Hope to use it more and more in the future.

Regards
Julie


----------



## 88785 (May 9, 2005)

I watched the program, it looked fantastic 

By the way, nice avatar Julie :wink:


----------



## 88809 (May 9, 2005)

*Avatar*

Hi Chris, 
yes it is good isnt it?

This really gr8 bloke helped me. :lol:

regards
Julie


----------



## 88838 (May 9, 2005)

autostratus said:


> SidT said:
> 
> 
> > Hi. On Top Gear tonight, a repeat of Sunday. They tested 3 supercars by driving from Paris down to South West France.
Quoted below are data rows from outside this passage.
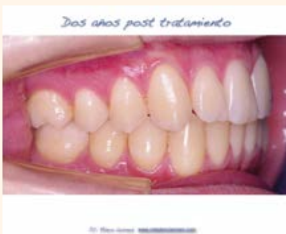
Figura 7. Caso 1.
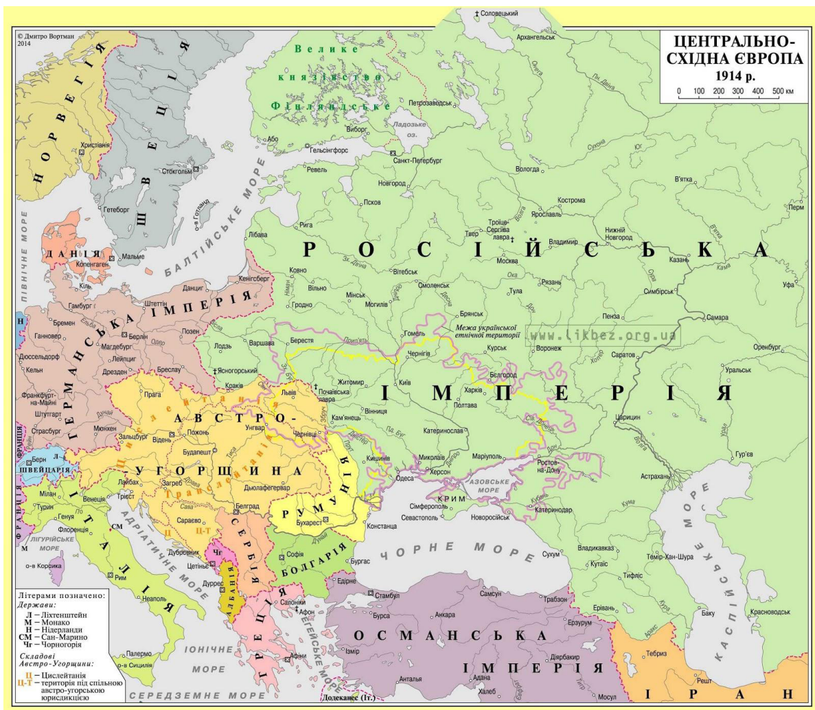
Карта Центрально-Східної Європи на 1914 р.

Цей факт і визначав їхній розвиток. Перебування під владою імперій уповільнило економічний розвиток та загальну модернізацію країн. Вони відстають в економічному плані, оскільки орієнтуються на аграрний сектор і є сировинним придатком потужного володаря.
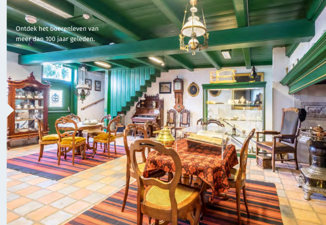
Ontdek het boerenleven van meer dan 100 jaar geleden.
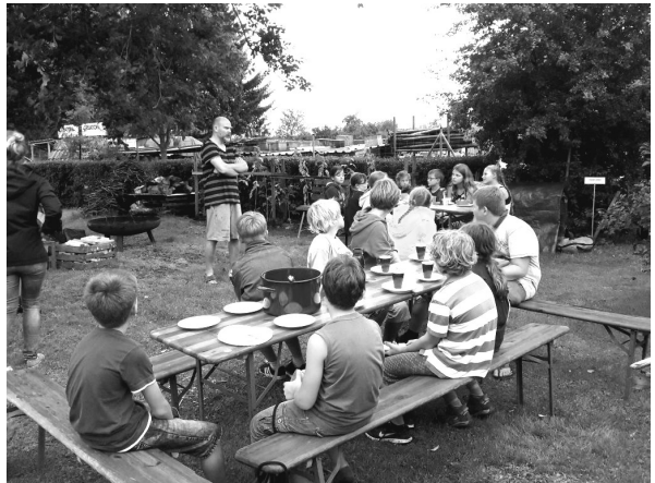
Pfadi-Camp 2017 in Roldisleben

Alle Teilnehmer brauchen festes Schuhwerk, Schlafsack, Isomatte, bei Bedarf ein Kissen und 5€ Beitrag für Lebensmittel und Materialien. Zusätzliche Lebensmittelspenden sind herzlich willkommen. Treffpunkt ist Freitag der 13. Juli 16:00 Uhr auf dem Sportplatz in Eßleben.
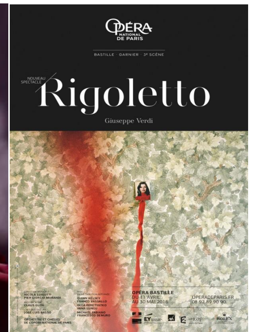
Arcades mardi 26 avril à 19h30

N° 243 avril 2016 27 ème année Association loi 1901 n°08760 x89 www.cinecroisette.com
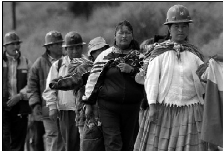
Una vez más, los mineros marchan sin encontrar una respuesta satisfactoria a sus demandas.

que una parte del salario por producto, que sólo puede incrementarse mediante el aumento de la jornada laboral, dando lugar a lo que se conoce como "sobreganancia" por encima del básico. Habiéndose aumentado el salario básico y manteniéndose congelado el precio de contrato, el salario de los trabajadores de Sinchi Wayra, en los hechos, ha disminuido y los trabajadores ahora deben trabajar más para alcanzarlo, quedando reducidas las posibilidades de obtener una "sobreganancia", lo que, generalmente, implica una extensión de la jornada laboral más allá de las 8 horas.
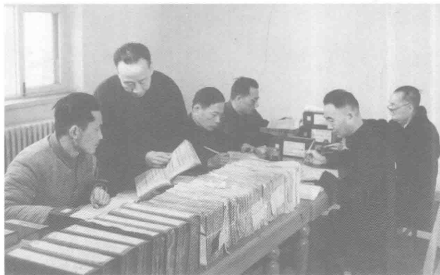
60年代和同事在一起
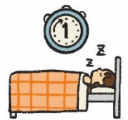
やす 休めるのは1時間まで
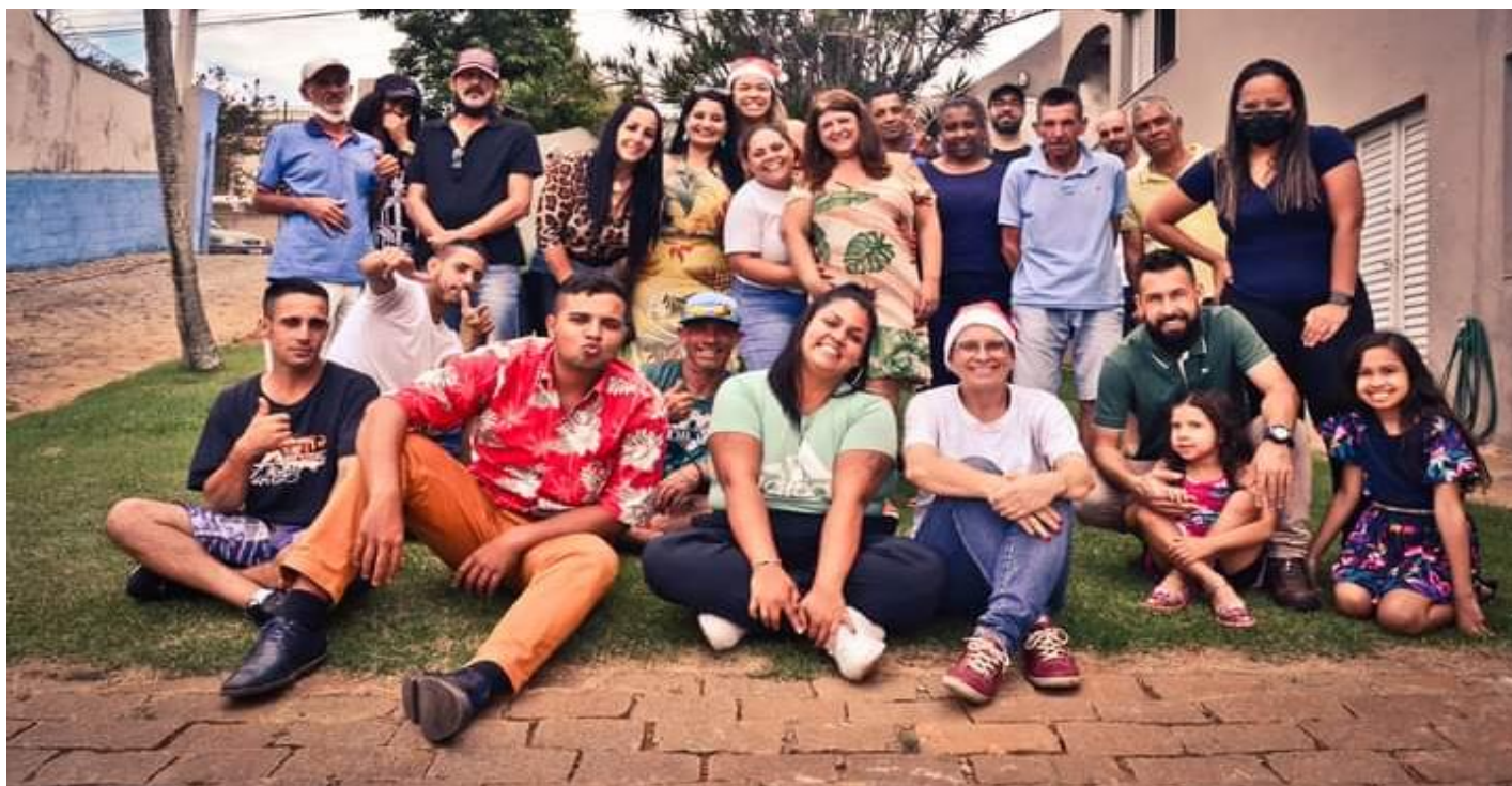
Convivência entre eles.

Almoço de Natal: Realizamos nosso almoço de natal com a participação e ajuda de toda a equipe, acolhidos e parceiros, em 18 de dezembro de 2021, este ano realizamos num espaço cedido pela Igreja Católica, devido ao triste episódio de incêndio que ocorreu no abrigo, não permitindo que o almoço ocorresse no mesmo, porém este episódio não tirou o brilho do evento, os acolhidos foram levados de ônibus ao local que generosamente uma empresa nos cedeu, almoçaram, realizamos brincadeira de amigo secreto com troca de presentes dando continuidade ao projeto de
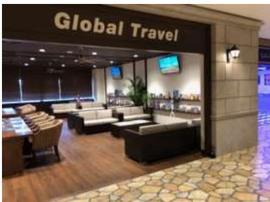
Travel Agency 旅行会社
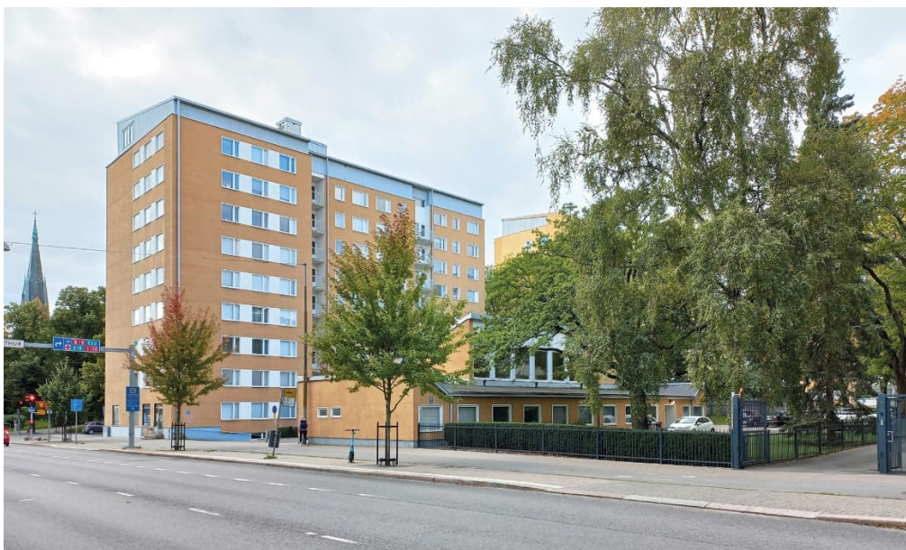
Kuva 3. Suunnittelualue valokuvassa Puutarhakadun suunnasta.
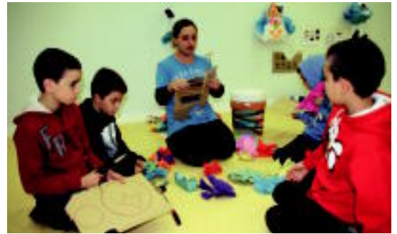
Azkue auzoko haurrak apaingarriak egiten aritu dira. R. CALVO

pelketa egingo dituzte. Afariaren ondoren, Ugane bertako musikariek osatutako Santuipeko taldearen emanaldia izango da.
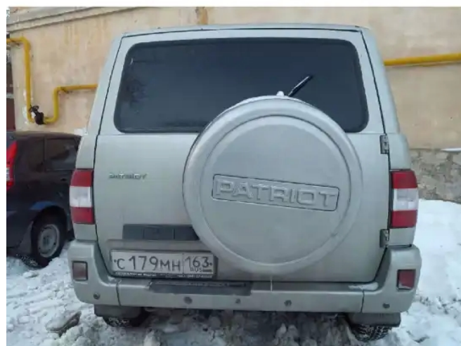
Фото №5. Фото ТС

There was some excellant footage of and on the Millau Bridge.
> ...


should've turned off the sound and hung around, there were some tremendous shots, although it put my height phobic other half into a cold sweat just thinking about it - :roll:

8)

ps for best millennium [?] bridge in UK - go to Gateshead


----------



## 88927 (May 10, 2005)

I have posted this link for anyone that is interested...

http://www.leviaducdemillau.com/accueil/var/lang/EN/rub/1.html

I found it fascinating and spent ages looking at the techy stuff Sorry......
I also followed the link on one of the pages to the Knights Templar site, which I am very interested in.

I hope you enjoy this as much as I did.

Keith


----------



## oldun (Nov 10, 2005)

Great link, thanks kands.


----------



## Scotjimland (May 23, 2005)

Nice one Keith .. thanks


----------